* WHAT IS REQUIRED
With the pictures left out, retype exactly the lines below starting at the line that contains "لقيت فتاة مصرعها" and ending at the line that contains "7-dice set of".

* DATA SHOWN

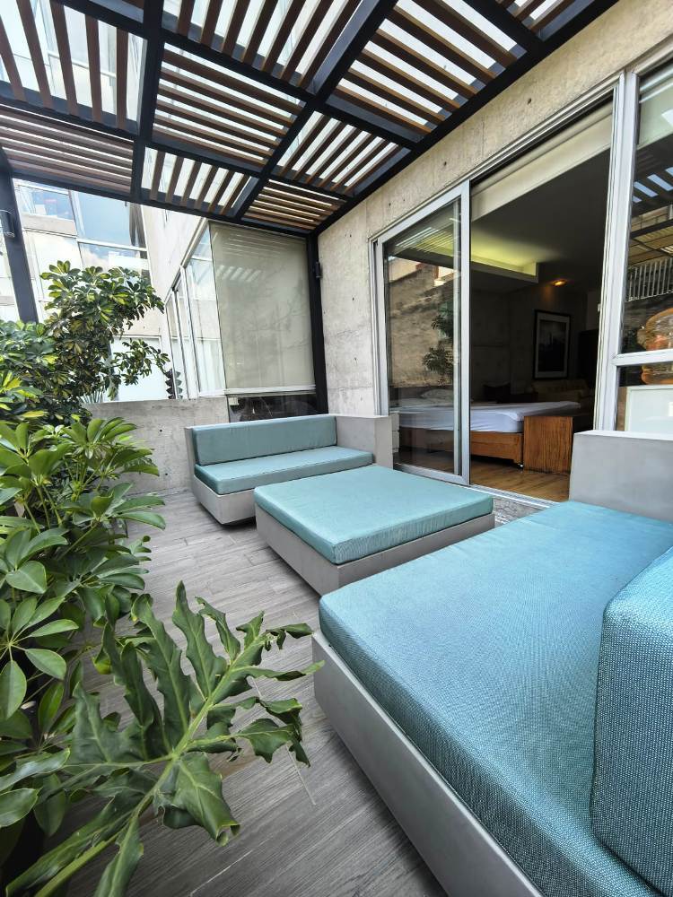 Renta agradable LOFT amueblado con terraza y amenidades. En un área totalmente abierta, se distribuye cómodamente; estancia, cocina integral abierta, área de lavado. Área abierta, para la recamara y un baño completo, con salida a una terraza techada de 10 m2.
--
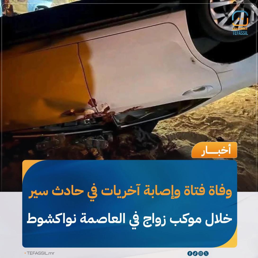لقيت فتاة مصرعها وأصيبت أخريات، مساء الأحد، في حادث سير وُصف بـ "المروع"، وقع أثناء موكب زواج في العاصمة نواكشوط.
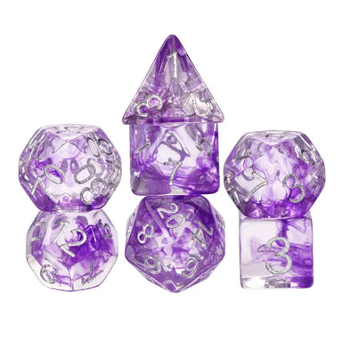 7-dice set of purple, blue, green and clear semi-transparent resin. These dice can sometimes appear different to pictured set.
--
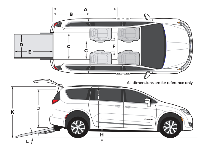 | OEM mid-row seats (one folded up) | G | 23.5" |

* WRITTEN RESPONSE
لقيت فتاة مصرعها وأصيبت أخريات، مساء الأحد، في حادث سير وُصف بـ "المروع"، وقع أثناء موكب زواج في العاصمة نواكشوط.
 7-dice set of purple, blue, green and clear semi-transparent resin. These dice can sometimes appear different to pictured set.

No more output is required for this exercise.